**WHAT THIS TASK INVOLVES**. Repeat the records below exactly from the line containing "电影《无名指》想要在票房上实" to the line containing "Eine voll ausgestattete", taking in both of those lines. Drop the pictures.

Segment Start: SUPPLIED RECORDS

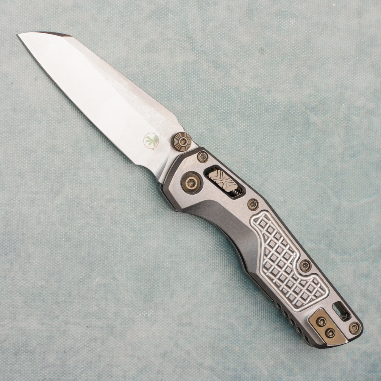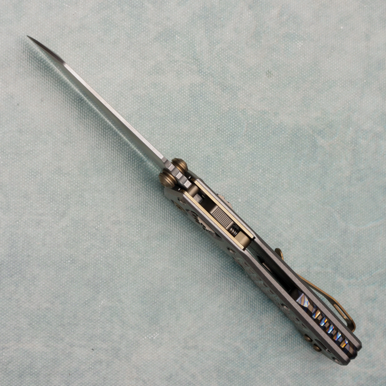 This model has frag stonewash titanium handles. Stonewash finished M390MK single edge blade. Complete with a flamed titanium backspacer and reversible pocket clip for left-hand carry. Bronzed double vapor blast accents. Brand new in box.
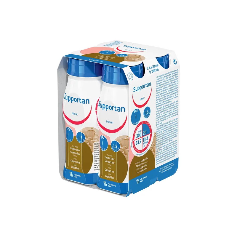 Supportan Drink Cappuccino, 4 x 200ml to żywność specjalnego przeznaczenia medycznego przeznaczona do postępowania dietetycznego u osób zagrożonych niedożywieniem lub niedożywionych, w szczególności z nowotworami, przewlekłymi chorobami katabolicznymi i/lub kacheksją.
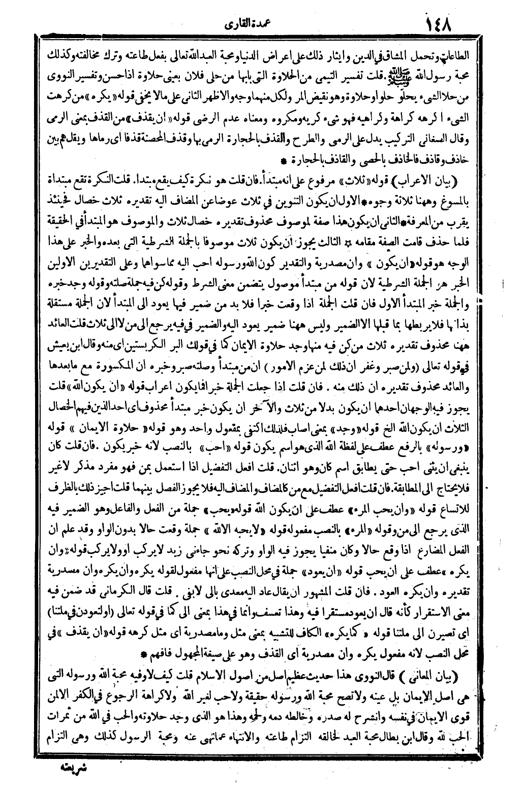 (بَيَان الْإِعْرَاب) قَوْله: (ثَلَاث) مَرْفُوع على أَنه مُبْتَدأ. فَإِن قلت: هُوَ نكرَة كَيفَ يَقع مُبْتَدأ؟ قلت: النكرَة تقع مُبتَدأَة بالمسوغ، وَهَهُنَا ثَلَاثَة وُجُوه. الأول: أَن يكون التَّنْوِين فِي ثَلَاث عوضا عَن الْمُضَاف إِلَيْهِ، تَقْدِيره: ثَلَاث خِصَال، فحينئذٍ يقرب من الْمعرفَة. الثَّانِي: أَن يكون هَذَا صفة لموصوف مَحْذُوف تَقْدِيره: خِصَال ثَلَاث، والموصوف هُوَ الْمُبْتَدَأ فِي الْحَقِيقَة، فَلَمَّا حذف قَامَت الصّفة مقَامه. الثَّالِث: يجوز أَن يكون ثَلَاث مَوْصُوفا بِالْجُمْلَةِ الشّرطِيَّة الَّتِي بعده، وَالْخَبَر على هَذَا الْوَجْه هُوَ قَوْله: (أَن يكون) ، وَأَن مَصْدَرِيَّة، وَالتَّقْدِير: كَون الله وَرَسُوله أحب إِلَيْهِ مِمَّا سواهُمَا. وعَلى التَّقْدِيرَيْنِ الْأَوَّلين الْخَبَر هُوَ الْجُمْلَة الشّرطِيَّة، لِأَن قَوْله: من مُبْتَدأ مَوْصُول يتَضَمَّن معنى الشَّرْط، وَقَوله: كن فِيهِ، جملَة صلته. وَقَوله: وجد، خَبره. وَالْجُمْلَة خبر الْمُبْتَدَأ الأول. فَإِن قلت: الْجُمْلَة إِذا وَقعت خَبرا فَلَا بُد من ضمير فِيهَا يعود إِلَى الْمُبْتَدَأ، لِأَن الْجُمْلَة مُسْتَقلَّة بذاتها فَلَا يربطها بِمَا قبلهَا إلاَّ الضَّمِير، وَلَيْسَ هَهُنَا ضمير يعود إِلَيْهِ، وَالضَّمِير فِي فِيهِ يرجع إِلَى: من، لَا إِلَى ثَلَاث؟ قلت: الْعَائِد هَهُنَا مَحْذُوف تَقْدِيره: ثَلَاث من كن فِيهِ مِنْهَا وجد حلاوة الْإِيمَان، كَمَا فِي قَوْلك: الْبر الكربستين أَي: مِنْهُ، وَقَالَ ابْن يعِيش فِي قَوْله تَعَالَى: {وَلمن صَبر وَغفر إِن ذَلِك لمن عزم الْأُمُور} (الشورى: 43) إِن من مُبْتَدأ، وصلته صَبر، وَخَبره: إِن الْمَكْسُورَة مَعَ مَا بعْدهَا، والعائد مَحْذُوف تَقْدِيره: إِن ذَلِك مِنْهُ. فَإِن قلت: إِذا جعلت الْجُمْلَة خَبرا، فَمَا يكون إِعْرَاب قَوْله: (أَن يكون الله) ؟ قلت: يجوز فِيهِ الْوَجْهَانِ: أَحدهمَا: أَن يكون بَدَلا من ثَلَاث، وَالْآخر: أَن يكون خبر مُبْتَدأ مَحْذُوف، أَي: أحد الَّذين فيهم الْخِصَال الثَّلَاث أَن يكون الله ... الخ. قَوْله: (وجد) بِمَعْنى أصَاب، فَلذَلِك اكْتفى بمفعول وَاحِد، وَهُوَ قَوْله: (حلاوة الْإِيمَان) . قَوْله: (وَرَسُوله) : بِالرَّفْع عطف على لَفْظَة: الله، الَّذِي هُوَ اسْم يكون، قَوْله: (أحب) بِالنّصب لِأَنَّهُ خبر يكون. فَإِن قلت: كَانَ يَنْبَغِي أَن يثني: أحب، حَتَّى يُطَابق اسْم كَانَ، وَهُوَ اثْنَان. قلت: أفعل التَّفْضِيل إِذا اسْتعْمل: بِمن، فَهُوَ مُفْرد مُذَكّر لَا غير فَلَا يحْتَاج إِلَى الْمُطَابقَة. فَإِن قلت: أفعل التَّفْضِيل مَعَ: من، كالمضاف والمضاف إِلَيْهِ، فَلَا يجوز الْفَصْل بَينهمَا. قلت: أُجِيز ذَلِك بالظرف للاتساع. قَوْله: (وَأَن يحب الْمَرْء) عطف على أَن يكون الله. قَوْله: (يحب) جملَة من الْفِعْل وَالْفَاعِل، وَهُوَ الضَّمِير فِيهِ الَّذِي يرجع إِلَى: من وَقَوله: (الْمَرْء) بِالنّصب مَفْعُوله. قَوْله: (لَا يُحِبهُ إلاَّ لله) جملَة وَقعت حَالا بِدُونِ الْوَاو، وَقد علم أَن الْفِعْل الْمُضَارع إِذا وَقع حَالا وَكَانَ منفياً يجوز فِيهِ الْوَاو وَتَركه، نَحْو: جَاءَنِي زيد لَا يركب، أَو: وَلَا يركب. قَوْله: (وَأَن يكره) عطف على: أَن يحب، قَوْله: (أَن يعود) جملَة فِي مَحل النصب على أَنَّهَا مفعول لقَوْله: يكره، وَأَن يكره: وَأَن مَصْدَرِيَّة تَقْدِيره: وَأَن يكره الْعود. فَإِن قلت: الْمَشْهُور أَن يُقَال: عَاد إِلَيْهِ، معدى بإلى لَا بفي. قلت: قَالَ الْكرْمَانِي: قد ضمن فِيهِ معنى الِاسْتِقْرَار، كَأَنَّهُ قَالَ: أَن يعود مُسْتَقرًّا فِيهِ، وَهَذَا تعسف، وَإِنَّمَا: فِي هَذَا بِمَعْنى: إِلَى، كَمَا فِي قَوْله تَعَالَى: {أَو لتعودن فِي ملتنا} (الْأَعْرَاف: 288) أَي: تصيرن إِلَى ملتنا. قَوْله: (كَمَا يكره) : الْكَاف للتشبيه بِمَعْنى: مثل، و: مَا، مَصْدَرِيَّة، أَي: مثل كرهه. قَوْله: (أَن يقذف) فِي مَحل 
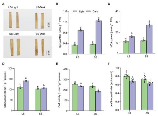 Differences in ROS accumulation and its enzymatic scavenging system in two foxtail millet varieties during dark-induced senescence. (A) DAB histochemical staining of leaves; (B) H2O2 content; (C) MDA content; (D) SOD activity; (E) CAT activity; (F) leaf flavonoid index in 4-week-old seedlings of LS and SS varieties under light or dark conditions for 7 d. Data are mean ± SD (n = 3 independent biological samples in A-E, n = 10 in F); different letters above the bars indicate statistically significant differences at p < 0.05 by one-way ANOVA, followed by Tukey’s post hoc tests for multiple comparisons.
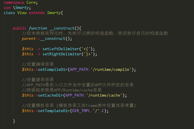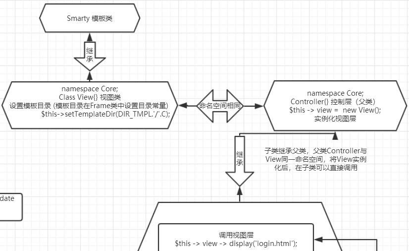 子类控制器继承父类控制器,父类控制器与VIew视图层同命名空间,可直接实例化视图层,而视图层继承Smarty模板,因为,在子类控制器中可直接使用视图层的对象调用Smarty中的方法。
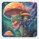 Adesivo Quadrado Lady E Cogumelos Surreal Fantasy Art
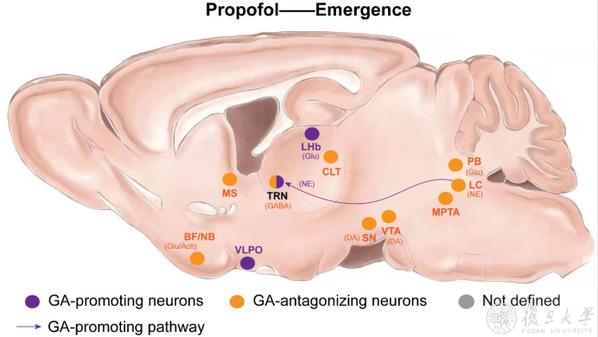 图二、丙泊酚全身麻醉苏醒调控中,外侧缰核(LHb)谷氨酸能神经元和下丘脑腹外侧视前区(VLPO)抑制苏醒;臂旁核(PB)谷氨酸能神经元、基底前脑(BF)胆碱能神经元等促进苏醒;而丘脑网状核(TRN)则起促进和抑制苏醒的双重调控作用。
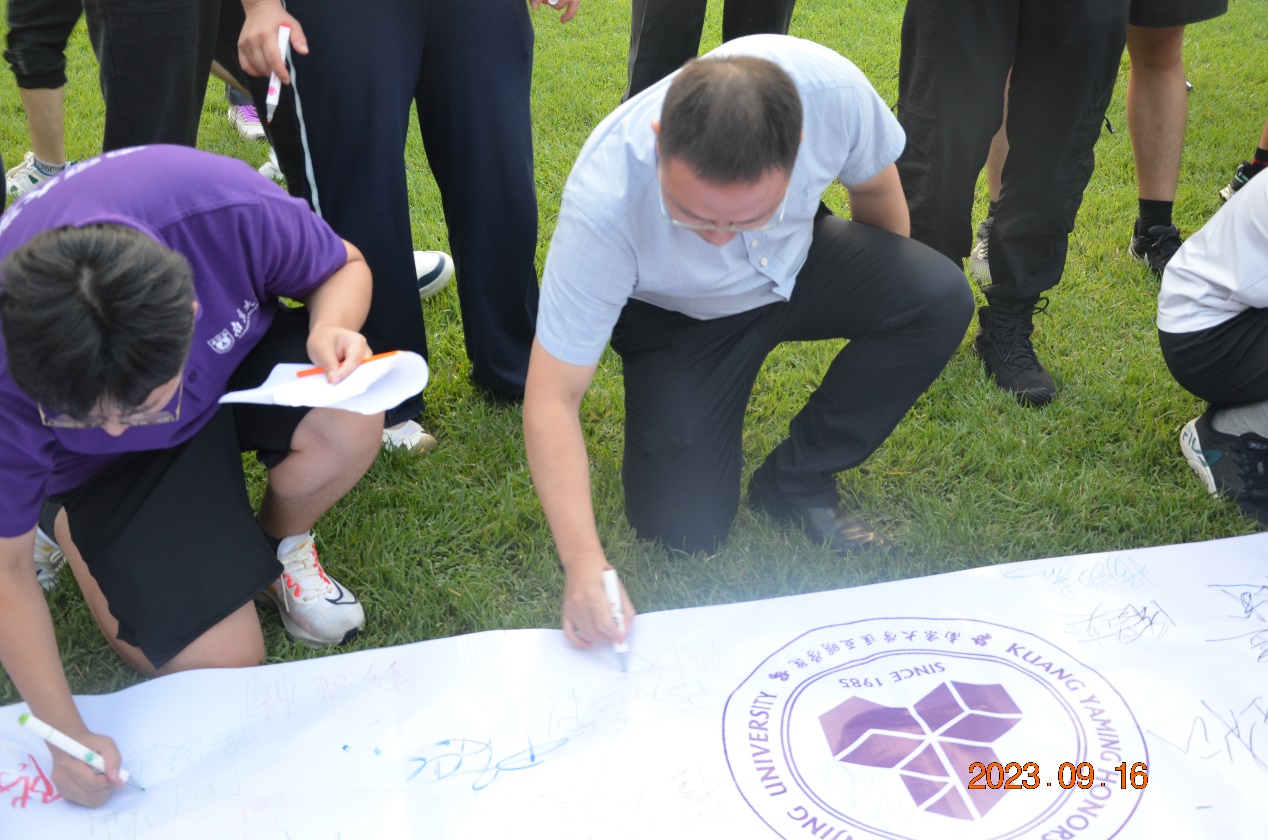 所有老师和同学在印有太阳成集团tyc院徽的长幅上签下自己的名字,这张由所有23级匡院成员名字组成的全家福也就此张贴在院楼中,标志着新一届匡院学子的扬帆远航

Segment End: SUPPLIED RECORDS
Segment Start: SUPPLIED RECORDS

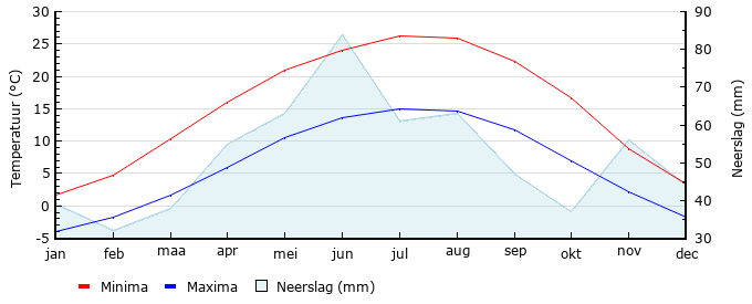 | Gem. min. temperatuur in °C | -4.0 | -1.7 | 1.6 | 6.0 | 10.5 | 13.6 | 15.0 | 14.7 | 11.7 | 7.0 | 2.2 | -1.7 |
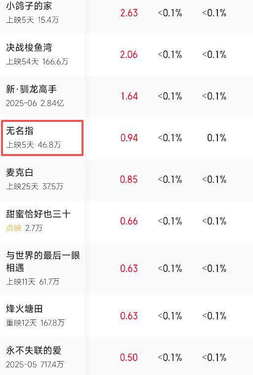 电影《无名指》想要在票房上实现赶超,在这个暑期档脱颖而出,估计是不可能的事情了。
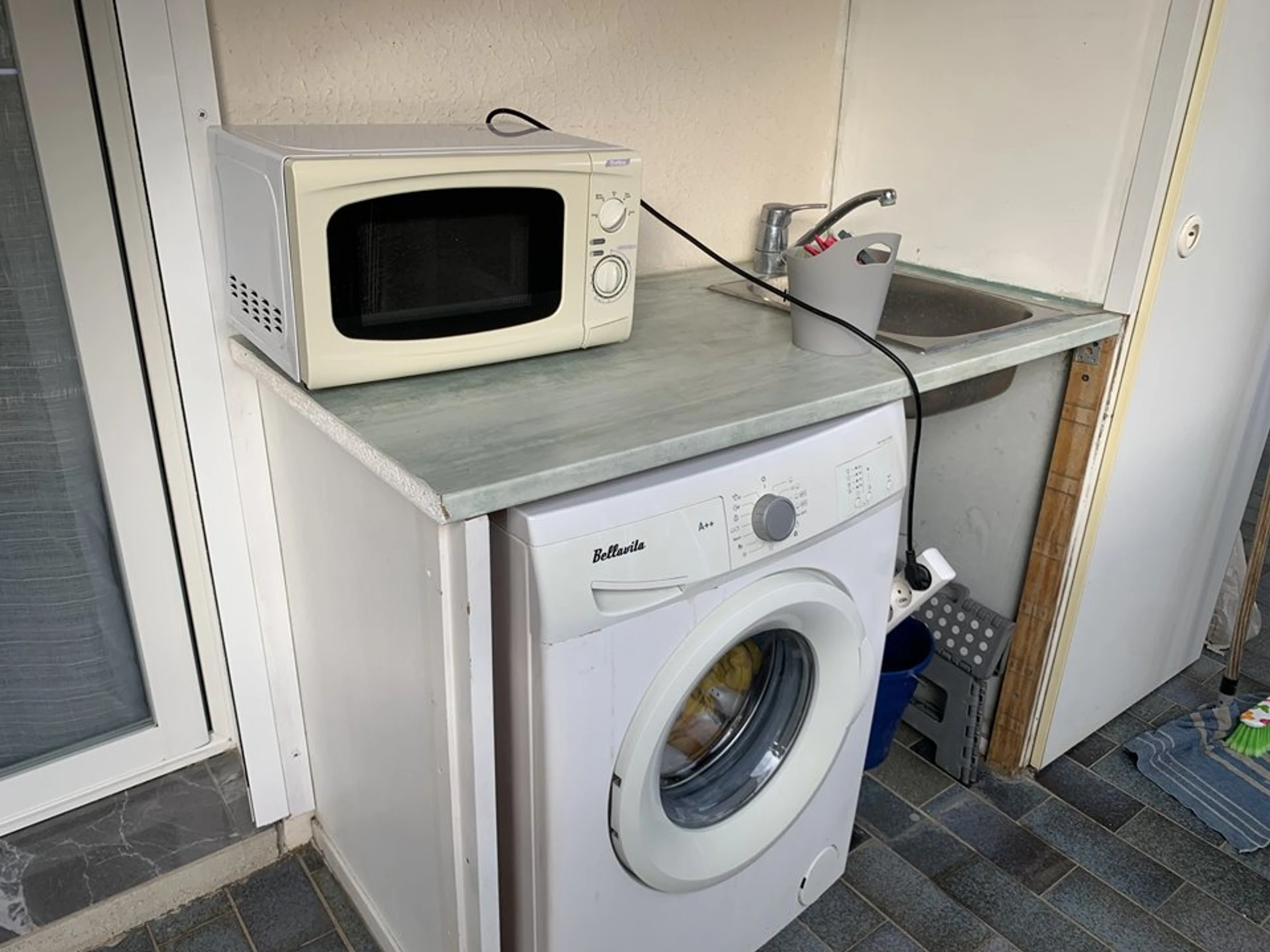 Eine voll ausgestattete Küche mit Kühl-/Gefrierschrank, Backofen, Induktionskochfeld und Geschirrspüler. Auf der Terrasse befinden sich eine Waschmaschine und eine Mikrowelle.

Segment End: SUPPLIED RECORDS

**RESULT OF THE EXERCISE**.
 电影《无名指》想要在票房上实现赶超,在这个暑期档脱颖而出,估计是不可能的事情了。
 Eine voll ausgestattete Küche mit Kühl-/Gefrierschrank, Backofen, Induktionskochfeld und Geschirrspüler. Auf der Terrasse befinden sich eine Waschmaschine und eine Mikrowelle.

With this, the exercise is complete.